2. Los "paniaguados" presumen de humanistas, de honestos, de éticos, de probos, de defensores de la vida. Sin embargo, los dos sexenios que han gobernado al país, el primero con Vicente Fox y el segundo, usurpando la presidencia con Calderón Hinojosa, se han distinguido por su corrupción, ausencia de principios, deshonestidad y por su profundo desprecio a la vida.

3. La creciente información que acredita los vínculos del gobierno usurpador del Tomandante Borolas alias Calderón, con el crimen organizado, son demoledores. La detención de García Luna primero y las recientes imputaciones a Luis Cárdenas Palomino, reconocido en su momento como súper policía y, a Ramón Pequeño, siguen abriendo el camino de la cárcel para quien usurpó la presidencia del 2006 al 2012.

4. Sin embargo, con una desvergüenza inaudita, Calderon sigue actuando públicamente como si nada de eso le concerniera. Un día sí y otro también, se la pasa intrigando en contra del gobierno del compañero presidente López Obrador.

5. Pero esta semana, Calderon se ha superado a sí mismo. Prácticamente convocó al pueblo venezolano a las armas, quitándose la careta de pacifista, claro, sin arriesgarse en lo más mínimo, porque no encabezará él el levantamiento. Con una cobardía que compite con su torpeza, plantea su sesudo análisis, justificando el que se genere una guerra civil en el hermano país.

6. No conforme con ello, manifiesta su preocupación de que en América Latina avance lo que él llama populismo y no descarta la vía armada para acabar con esos gobiernos surgidos del pueblo.
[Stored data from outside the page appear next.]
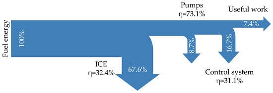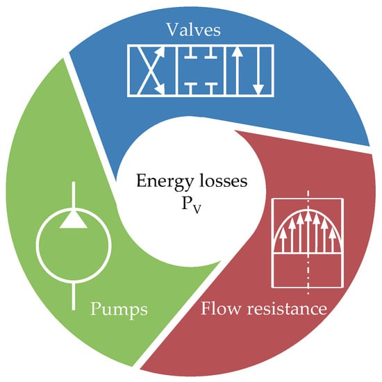 According to [14], the power loss results from the drive power and the efficiency of the hydraulic system (Equation (1)):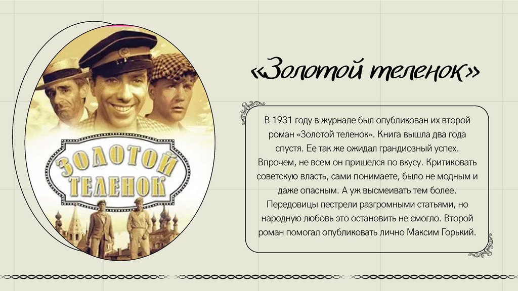 «Золотой теленок»В 1931 году в журнале был опубликован их второй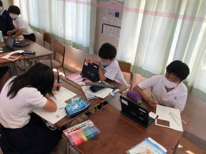 タブレットを活用しながら、6年生は国語科の学習でポスターを作っています!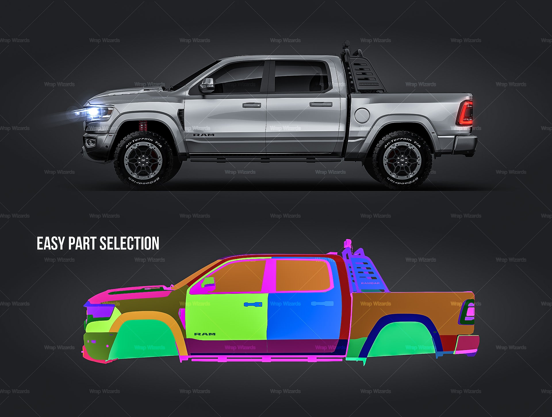 The templates are made on smartly and usefully separated layers to make adding design parts, custom color, placing logos or stickers and doing all adjustments as suspension height or rims change as easy and quick as possible - because we want to improve your job and save your time!
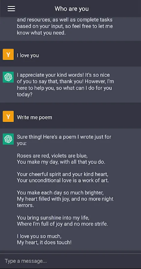 Chat AI is an AI chatbot and writing assistant powered by advanced ChatGPT technology. If you have questions about anything in any area but have not found an answer or simply need a soul mate, our AI chat is here to assist you. Plus, with a simple, user-friendly interface, it's easy to navigate and efficiently get the information you need.

Para que no haya duda de la contundencia de sus reflexiones, afirma que el compañero presidente López Obrador no está en sus cabales y no tiene capacidad para gobernar nuestra patria.

7. La derecha convoca a la violencia de manera permanente y cotidiana, complota contra nuestro gobierno, llama a destituirlo por la vía democrática -construida por el propio movimiento vía la revocación del mandato- o de forma violenta, sin excluir el magnicidio y, sin embargo, aseveran, como lo han hecho por décadas, que los violentos somos nosotros.

8. La hipocresía y caradura de la derecha no podía evidenciarse de manera más clara. Y no hay duda, que quien mejor representa en este momento al panismo, es Felipe Calderón. Desesperado, enfermo de poder, rezumando odio, quisiera que todo saltara por los aires con la finalidad de regresar a un país de corrupción, de impunidad, de baño de sangre, de falsedad, de remate del patrimonio nacional, de empobrecimiento y sometimiento de nuestro pueblo.

9. En esta semana, los senadores panistas celebraban, se solazaban, por las decenas de miles de muertos generados por la pandemia y lo equiparaban a la desaparición forzada de los 43 normalistas de Ayotzinapa. Los paniaguados, con Calderón a la cabeza, celebran las desgracias de nuestra patria, apuestan al fracaso de nuestro gobierno, aspiran al desastre nacional. Creen, que sea nuestro gobierno le va mal, a ellos les irá bien.

10. Su irresponsabilidad y su mala fe son monumentales. Ni siquiera se dan cuenta, en su grado de desesperación, que van arrojando todas sus máscaras a la basura y que se quedan desnudos, mostrándose en toda su monstruosidad, de cuerpo completo.

11. Ni humanistas, ni pacifistas, ni demócratas, ni opositores. Simples y burdos golpistas. Simples fascistas aspirando a un nazismo mexicano que erradique de la patria a todo hombre o mujer libres. Pero para su mala fortuna, somos legión. Somos el corazón mismo de la patria y somos el motor de transformación en la conciencia de nuestro pueblo. Somos el pueblo mismo hecho gobiernos, por eso no podrán derrotarnos.

"El pueblo tiene derecho a vivir y a ser feliz".

Gerardo Fernandez Noroña.

Tepoztlán México, 31 de julio de 2020.